CFPB Issues Final Arbitration Rules; Rejects Pleas for CU Exemption

CFPB Issues Final Arbitration Rules; Rejects Pleas for CU Exemption
July 10, 2017 Marketing GrafWebCUSO

The CFPB on Monday released final rules that will restrict the use of arbitration clauses in financial contracts—specifically rejecting the argument made by credit unions that they should be exempt from the regulations.

“While credit unions may be nonprofit, member-owned entities that may have fewer incentives to engage in problematic practices with their members, it is not true that credit unions have never violated the law and have never faced cases in response to their past violations of the law,” the CFPB said in its explanation of the rule.

Arbitration agreements make it virtually impossible for consumers to join together to file suit and seek damages from financial institutions, CFPB Director Richard Cordray said, in a conference call with journalists.

“Including these clauses in contracts allows companies to sidestep the judicial system, avoid big refunds, and continue to pursue profitable practices that may violate the law and harm large numbers of consumers,” he said.

“Few consumers are aware of these clauses and even fewer know how they work,” Cordray said.

Under the rule, companies still will be able to include arbitration clauses in their contracts, but they may not use those clauses to stop consumers from being part of a class action lawsuit. The rule specifies the language that must be used in the contract.

The rule also requires companies to submit to the CFPB detailed information about claims and awards made in arbitration. That data eventually will be made public, with consumer names and identifying data removed.

The rule applies to any new financial contracts entered into 241 days after the regulations are published in the Federal Register.

The rule is likely to create a firestorm on Capitol Hill, where House Republicans have included in pending legislation language that would specifically prohibit the CFPB from issuing the regulations.

The House has passed Financial Services Chairman Jeb Hensarling’s (R-Texas) Financial CHOICE Act, which will curtail many of the CFPB’s powers and specifically prohibit it from issuing the arbitration rules.

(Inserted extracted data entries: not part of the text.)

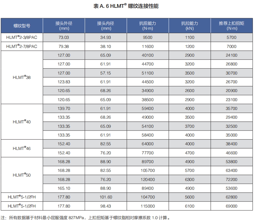 (b)HLMT® 系列包括 HLMT®2-3/8PAC、HLMT®2-7/8PAC、HLMT®38、HLMT®40、HLMT®46、HLMT®50、和 HLMT®5-1/2FH 等規(guī)格。
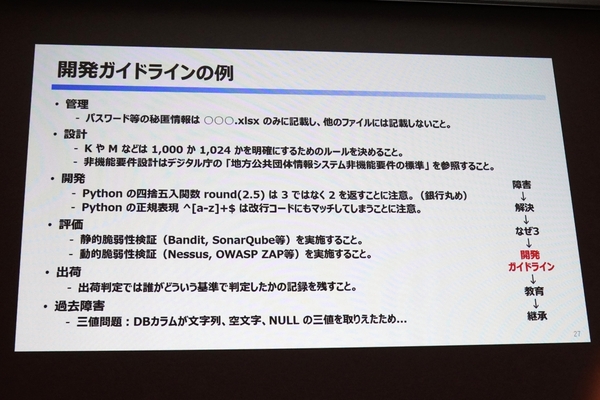この開発ガイドラインとは、プロジェクトをまたがり蓄積してきたナレッジをひとつのファイルに集約したものだ。「障害があって、解決して、“なぜ3分析(なぜ?を繰り返す問題解決手法)”をする。喉元を過ぎれば忘れてしまうので、開発ガイドラインに追加して、10年先のメンバーにもノウハウを伝える」と杜甫々さん。
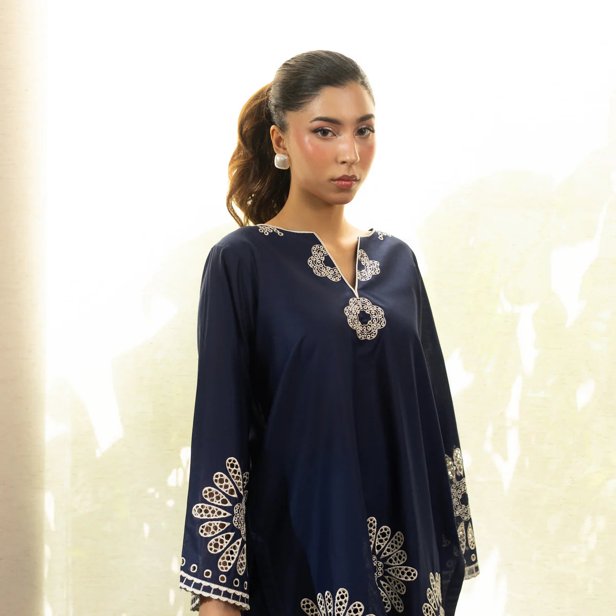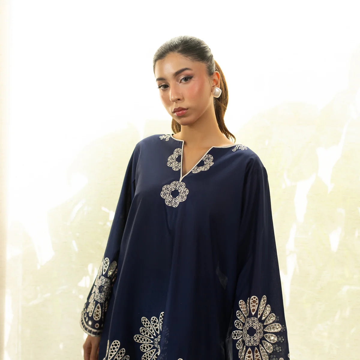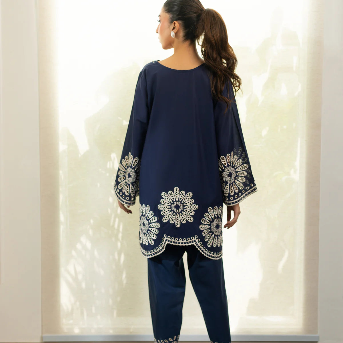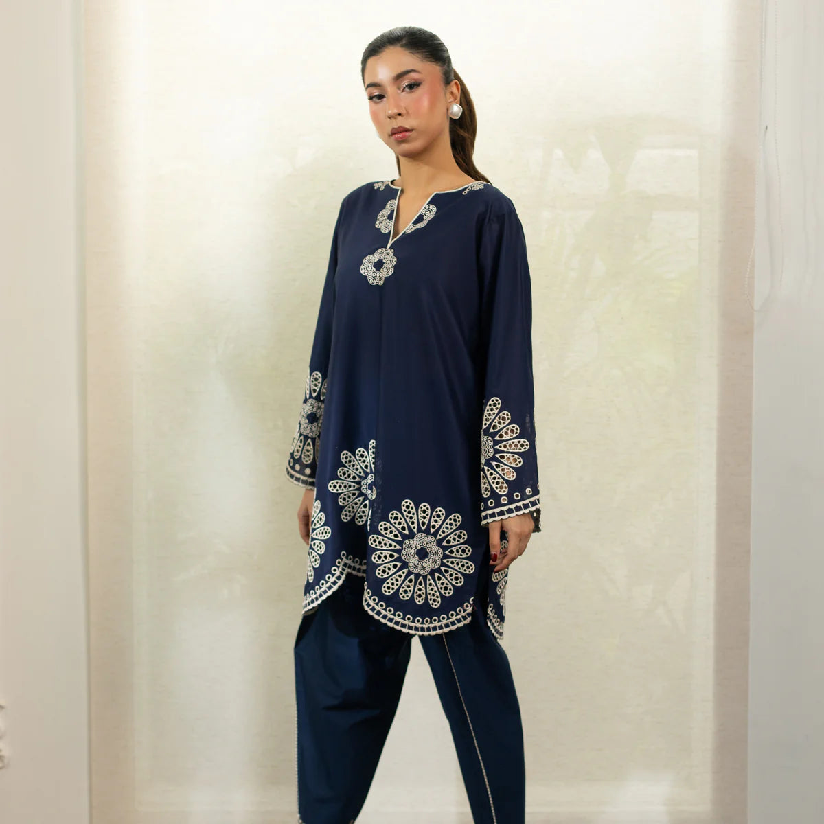 2Pc Ready to wear Lightweight, flowy, and finished with soft floral detailing, this navy silhouette is made...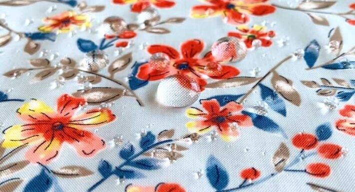 織り目の隙間を塞ぐアクリルコーティングと併用することで一定の防水性はありますが、長時間の雨や水に浸けた場合は水分が内側に浸透します。また撥水加工は洗濯や摩擦により次第に効果が薄れていきます。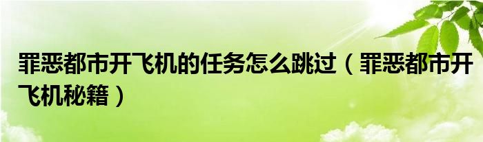 罪惡都市開飛機的任務(wù)怎么跳過(罪惡都市開飛機秘籍)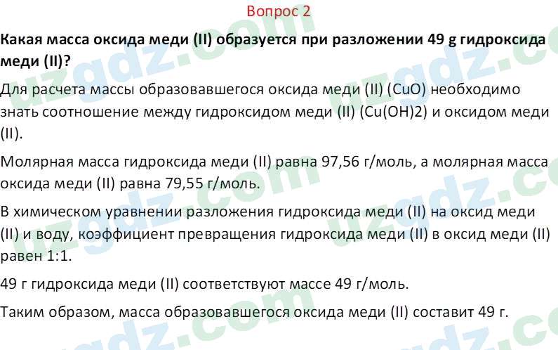 Подробное решение, ответы и гдз Химия Аскаров И. 7 класс 2022 Ташкент: Республиканский центр образования Глава VI. Вода, 6.8. Решение задач, Вопрос 2. Для школьников из Казахстана, Узбекистана и России.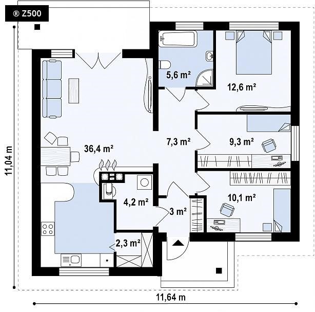 Bản vẽ nhà ống 1 tầng diện tích 5x20m với bố cục sáng tạo dành cho những ai yêu mến sự hiện đại.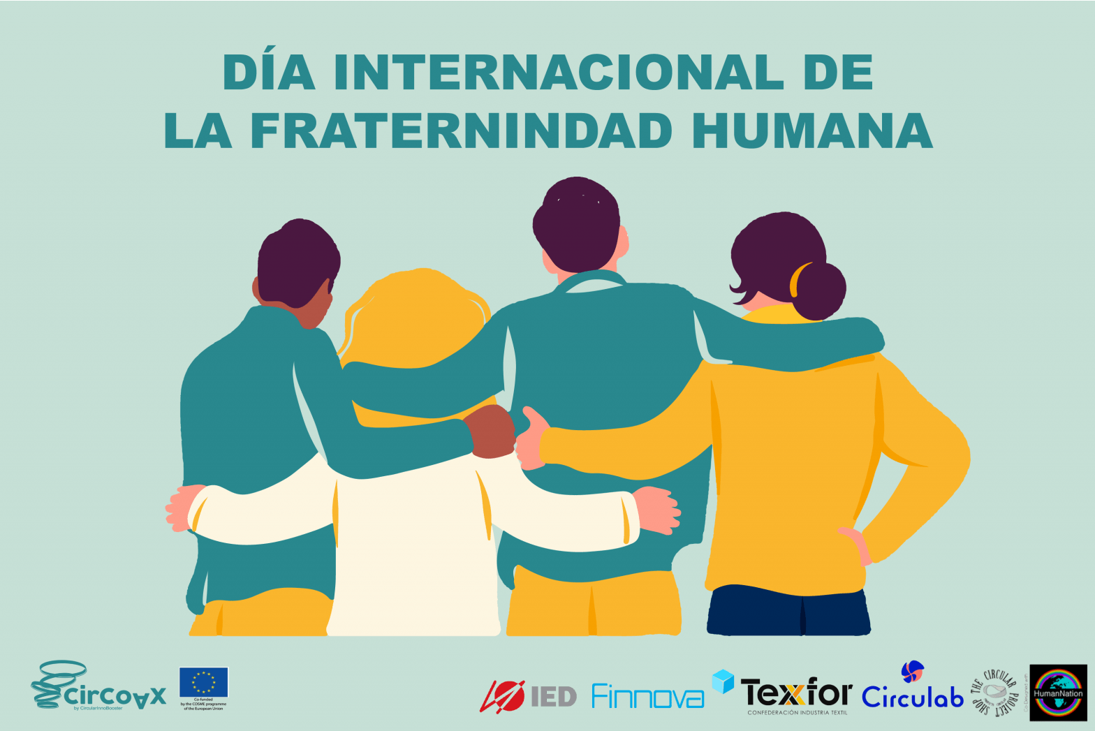 Hoy viernes 4 de febrero Naciones Unidas celebra el Día Internacional de la Fraternidad Humana para la Paz y la Cooperación, destacando la importancia de compartir valores, respetar creencias y culturas en la humanidad. Desde el proyecto CircularInnoBooster y el programa de aceleración en sostenibilidad y economía circular de CirCoAX nos unimos a esta celebración acentuando nuestro compromiso con la cooperación y el empoderamiento de las comunidades y sectores implicados en la moda y el textil, a través de una educación en sostenibilidad y valores.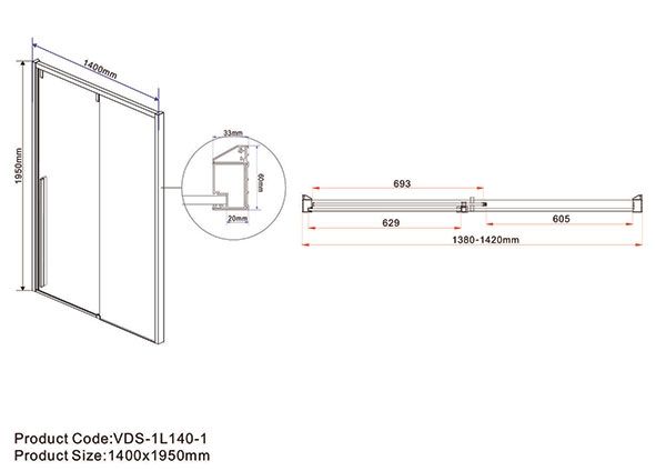 Душевая дверь Vincea Lugano VDS-1L140CL-1 140x195.
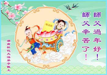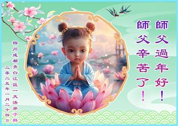 以下是部份中国农村大法弟子给慈悲伟大的师尊发来的贺词贺卡: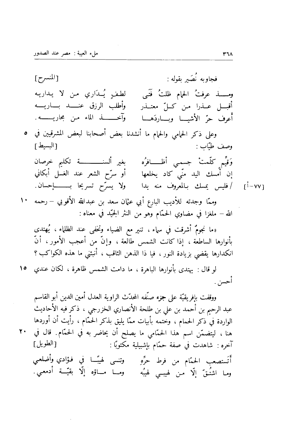 وعلى ذكر الحمامي والحمام، ما أنشدنا بعض أصحابنا لبعض المشرقيين في وصف طياب: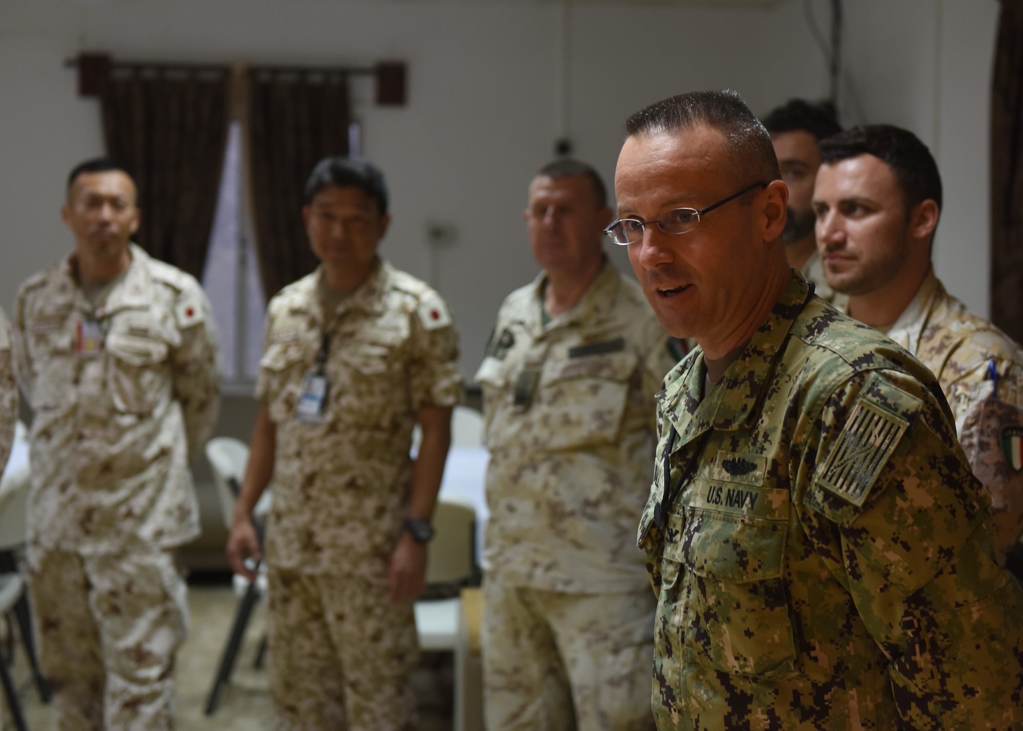 U.S. Navy Capt. Thomas Wall, chief of staff of Combined Joint Task Force-Horn of Africa (CJTF-HOA), bids farewell to multinational military partners during a CJTF-HOA cultural exchange event at Camp Lemonnier, Djibouti, April 24, 2019. CJTF-HOA holds monthly exchange events with multinational military partners affiliated with Camp Lemonnier to strengthen alliances and attract new partners in the combined joint military environment. (U.S. Air Force Photo by Staff Sgt. Franklin R. Ramos)

House Republicans have included similar provisions in their version of the FY2018 Financial Services Appropriations bill.

Cordray acknowledged that opposition.

“I am, of course, aware of those parties who have indicated they will seek to have the Congress nullify this new rule,” he told reporters. “That is a process that I expect will be considered and determined on the merits. My obligation as the director of the consumer bureau is to act for the protection of consumers and in the public interest. In deciding to issue this rule, that is what I believe I have done.”

Credit union officials have argued that they should be exempt from the rules since they are member-owned. They said members would essentially be suing themselves if they file suit.

The CFPB rejected that argument.

“The CFPB already has rejected the idea that credit unions should be exempt from the agency’s regulations,” the agency said in an explanation of the rule.

Credit union groups also asserted that many credit unions do not use arbitration clauses in their contracts. The CFPB said that means the rule will have little impact on credit unions.

“With respect to credit unions, the Bureau does not believe that member ownership is a sufficient compliance incentive to replace a right to enforce the relevant laws on a class basis,” the bureau said in explaining the rules.

Credit union members may be unaware about membership accountability mechanisms and are unlikely to mount a campaign among members to hold the financial institution accountable.

And the CFPB rejected a call for credit unions to be exempt from the reporting requirements.